Rule of thumb: if you'd predict the user's answer with >80% confidence, don't ask — surface and proceed. A wrong default costs one redirect; asking costs the user's attention across N turns. *"Walk section-by-section with confirmation gates"* means walk per-section when each genuinely needs the user's judgment — collapse adjacent obvious sections; the Iron Law is "don't dump the whole strategy in one turn", and the goal is structured collaboration, not maximum question count.

### Shared vocabulary (host-neutral contracts)

The skills use three terms that name a capability, not any one host's API. Map each to whatever the current host exposes.

- **Ordered work tracker** — an explicit, ordered list the agent maintains and ticks off as work progresses. Use the host's native task primitive when available; otherwise keep a numbered tracker inline and update it visibly as items complete. The tracking obligation is required; the surface is not.
- **Structured user-choice prompt** — the host's best primitive for collecting an explicit choice from a small set (option-picker, MCP elicitation, etc.).

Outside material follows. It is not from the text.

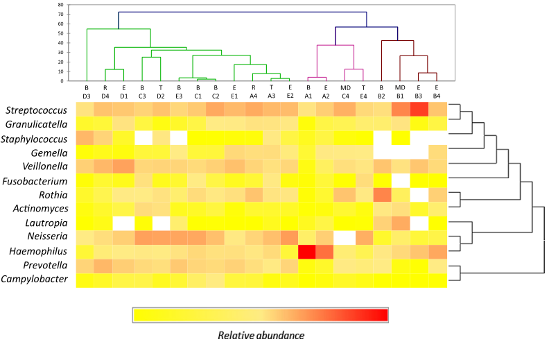 圖3:CF患者痰樣本13主要菌屬的聚類分析。每個(gè)臨床狀態(tài)被注明 (B:基線臨床狀態(tài); E:肺加重; T:治療發(fā)作期; R:恢復(fù)期; MD:數(shù)據(jù)缺失;每一個(gè)菌屬的相對(duì)豐度用紅色(高豐度)或者黃色、亮白色(低豐度)標(biāo)注。 微生物結(jié)構(gòu)與銅綠假單胞菌感染狀態(tài)相關(guān) 接著通過(guò)比較“never”組(在痰或咳嗽拭子中從沒(méi)有檢測(cè)到銅綠假單胞菌定植)和“free”組(至少在前一年沒(méi)有銅綠假單胞菌定植) CF病人菌群來(lái)判斷銅綠假單胞菌是否影響呼吸道菌群結(jié)構(gòu)。首先發(fā)現(xiàn)兩組病人間細(xì)菌密度和銅綠假單胞菌reads數(shù)目沒(méi)有差異,接著發(fā)現(xiàn)這兩組CF病人間的菌群多樣性指數(shù)(Shannon)和菌群均勻度也沒(méi)有差異,然而菌群豐度在兩組CF病人間存在差異:“never”組病人的菌群豐度[Chao-1: 79.8 (72.03–87.61); 實(shí)際觀察到的菌種數(shù)目: 71.6 (63.85–79.43)]要比“free”組病人[Chao-1: 62.7 (52–73.5); 實(shí)際觀察到菌種數(shù)目:55.9 (45.24–66.71)]的菌群豐度更高,因此CF病人呼吸道菌群豐度直接受銅綠假單胞菌首次植入的負(fù)調(diào)控。另外,如圖2B和圖S3所示,CF病人呼吸道菌群結(jié)構(gòu)受銅綠假單胞菌不同感染狀態(tài)的影響。

Reserve for genuine 50/50 forks. If no structured UI exists, ask one concise inline question and wait.
- **Subagent** (a.k.a. **fresh delegated worker**) — a worker dispatched through the host's delegation primitive that starts with no inherited task context, only the prompt you hand it. Used by the rollout chain to keep tasks isolated. If a host cannot delegate to fresh workers, the rollout skill stops and reports the capability gap rather than executing inline.

## Checklist
Track these as an ordered work list (see Shared vocabulary), in order:

1. Read the user's intent verbatim.
2. Load and re-read this Iron Law to anchor the response.
3. Invoke the `sumo-qa-deciding-approach` skill immediately. Do NOT answer the user before the approach is decided.
4. After `sumo-qa-deciding-approach` returns, follow its `next_action` (route to the named sub-skill or stop).
5. Apply the global discipline (knowledge authority, internal-only citations, specialty+tool fit) for every sub-skill that runs.

## Process Flow

See the Checklist above — that's the flow.

## Red Flags

| Thought | Reality |
|---|---|
| "I already know what they want — let me just answer" | Iron Law violated. Approach decision is non-negotiable. |
| "This question is too simple to need the approach skill" | Simple intents still need shape (no-tests-recommended is a valid approach). Skip the decision and you skip the safety net. |
| "I'll cite the principles myself from training data" | Loaded catalogue is authoritative. Use `sumo_qa_load_principles()`. |
| "Let me echo the citation reasoning in the answer for transparency" | Citations belong to internal scratch, not user output. They burn tokens. |
| "I'll restrict myself to tool categories I already know" | Wrong. New categories emerge constantly; reason from the surface, web-search current options, recommend with citation. There's no internal catalogue to fall back on. |
| "`brew install` / `npm i -g` / system `pip` is the quickest way to get the tool running" | No. Global installs are unpinned and invisible to CI/teammates. Repo test tooling MUST land repo-pinned (manifest/lockfile/pinned pre-commit hook) AND CI-reproducible (a CI step runs that pinned tool). Translate any global instruction to its repo-pinned equivalent first. |

## Examples

### Good
User: "review my changes". Skill response (internal): load Iron Law, invoke `sumo-qa-deciding-approach`, get `verify-existing` or `regression-first`, route to `sumo-qa-reviewing-before-merge`. User sees the routed skill's output, not the routing trace.

### Bad
User: "review my changes". Skill response: "Sure! Looking at your diff, the main concerns are …" — skipping the approach decision, going straight to review. Iron Law violated. The reviewer might be the wrong shape for the change (e.g. a docs-only change doesn't need a code review skill).

## Next skill in the chain

Always → `sumo-qa-deciding-approach`. That is the router's only job — set the global discipline, then hand the intent over so the approach can be picked before any QA output is produced.